### Data extract

★ ★ ★ ★

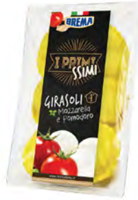
Tomate y Mozzarella Cont. Net.: 250g / 500g
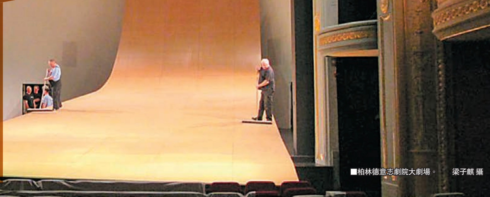
柏林德意志劇院大劇場。

不久前，一封僅有十個字的辭職信在網絡上爆紅，遞信者一句「世界很大，我想出去走走」，道出了營營役役人生對廣闊未知的無限嚮往。世界真的很大，為了更好地向外吸取經驗以制定策略、拓展觀眾，促使香港藝術整體同步發展，西九文化區管理局（西九）與香港藝術發展局（藝發局）合辦「本地藝團領袖人才海外考察及培訓計劃」，委派本港藝團代表出去走走。五名計劃參與者，在旅途中不但提升了個人實務知識及技能，開拓了國際網絡，而且還根據考察所獲得的經驗和知識，為香港藝術以及西九的發展方向提出了寶貴的建議。 文：香港文匯報記者 趙偉
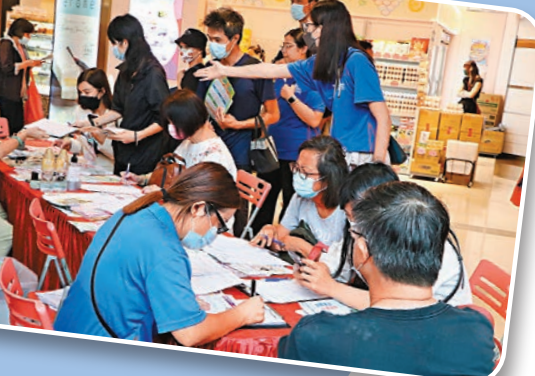
顧客服務—零售/酒店/旅遊和其他

★ ★ ★ ★

### Your task
A word-for-word retyping of the material above is expected, without pictures.

### Task result
Tomate y Mozzarella Cont. Net.: 250g / 500g
柏林德意志劇院大劇場。

不久前，一封僅有十個字的辭職信在網絡上爆紅，遞信者一句「世界很大，我想出去走走」，道出了營營役役人生對廣闊未知的無限嚮往。世界真的很大，為了更好地向外吸取經驗以制定策略、拓展觀眾，促使香港藝術整體同步發展，西九文化區管理局（西九）與香港藝術發展局（藝發局）合辦「本地藝團領袖人才海外考察及培訓計劃」，委派本港藝團代表出去走走。五名計劃參與者，在旅途中不但提升了個人實務知識及技能，開拓了國際網絡，而且還根據考察所獲得的經驗和知識，為香港藝術以及西九的發展方向提出了寶貴的建議。 文：香港文匯報記者 趙偉
顧客服務—零售/酒店/旅遊和其他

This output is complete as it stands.